_PROVIDED DATA:_
-=-=-=-=-

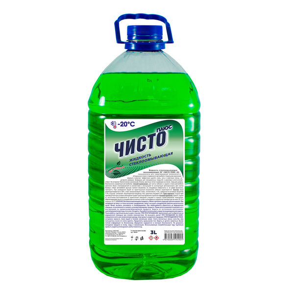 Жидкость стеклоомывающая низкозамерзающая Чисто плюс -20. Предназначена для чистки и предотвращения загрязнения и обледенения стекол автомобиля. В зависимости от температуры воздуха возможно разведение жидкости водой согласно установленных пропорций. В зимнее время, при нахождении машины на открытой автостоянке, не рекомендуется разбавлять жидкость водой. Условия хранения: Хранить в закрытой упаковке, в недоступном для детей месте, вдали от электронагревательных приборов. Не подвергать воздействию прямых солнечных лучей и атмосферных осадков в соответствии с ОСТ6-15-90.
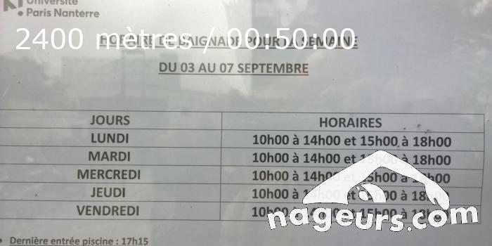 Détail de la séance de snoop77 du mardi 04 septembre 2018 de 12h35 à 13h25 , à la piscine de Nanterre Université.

-=-=-=-=-

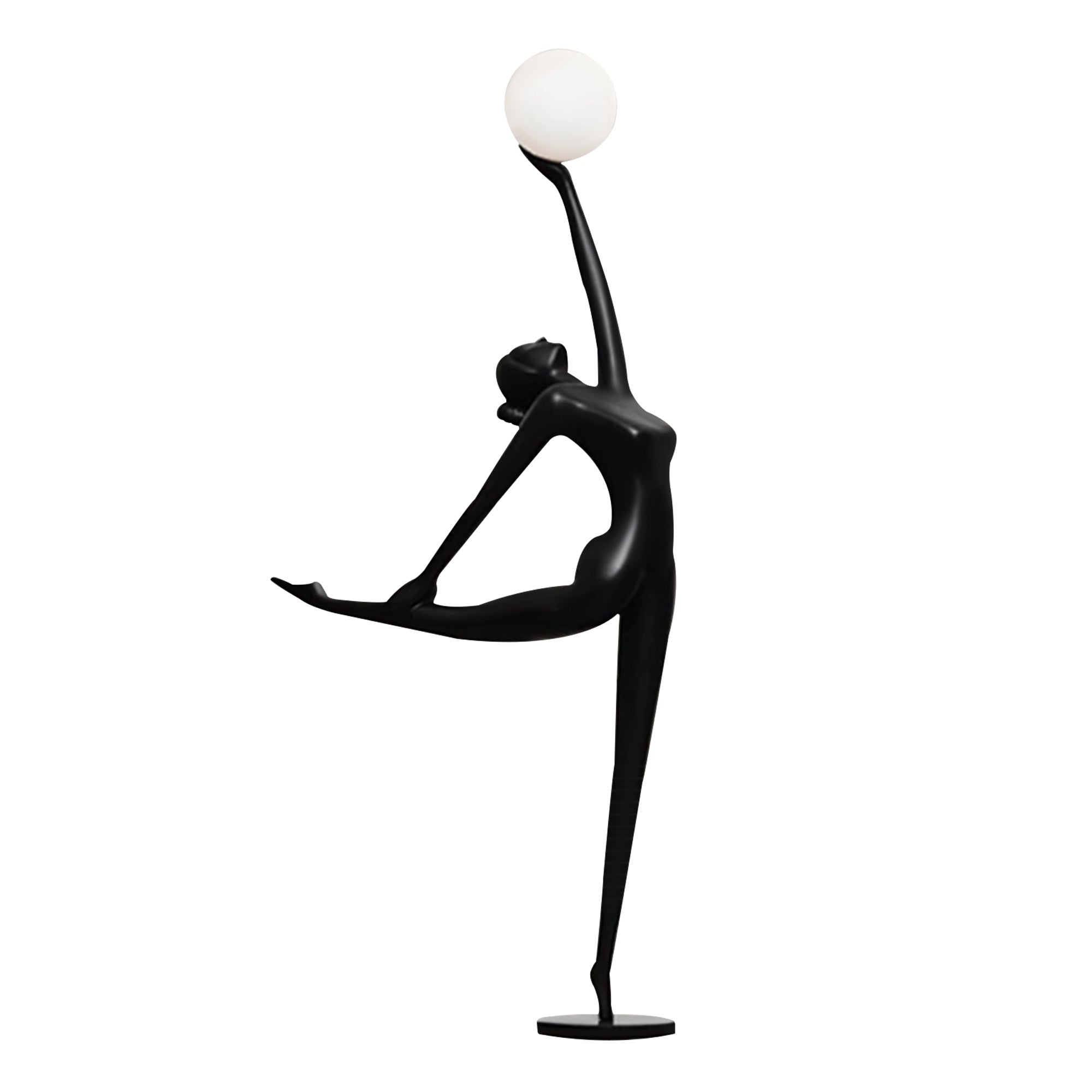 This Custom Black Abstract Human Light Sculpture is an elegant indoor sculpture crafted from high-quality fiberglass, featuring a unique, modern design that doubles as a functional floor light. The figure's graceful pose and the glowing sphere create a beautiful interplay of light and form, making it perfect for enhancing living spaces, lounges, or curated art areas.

-=-=-=-=-

_WHAT THE TASK REQUIRES:_
Write back word for word every line in the entries above from the one with "Жидкость стеклоомывающая низкозамерзающая" to the one with "Détail de la", ends included, and none of the pictures.

_RESULT OF THE TASK:_
 Жидкость стеклоомывающая низкозамерзающая Чисто плюс -20. Предназначена для чистки и предотвращения загрязнения и обледенения стекол автомобиля. В зависимости от температуры воздуха возможно разведение жидкости водой согласно установленных пропорций. В зимнее время, при нахождении машины на открытой автостоянке, не рекомендуется разбавлять жидкость водой. Условия хранения: Хранить в закрытой упаковке, в недоступном для детей месте, вдали от электронагревательных приборов. Не подвергать воздействию прямых солнечных лучей и атмосферных осадков в соответствии с ОСТ6-15-90.
 Détail de la séance de snoop77 du mardi 04 septembre 2018 de 12h35 à 13h25 , à la piscine de Nanterre Université.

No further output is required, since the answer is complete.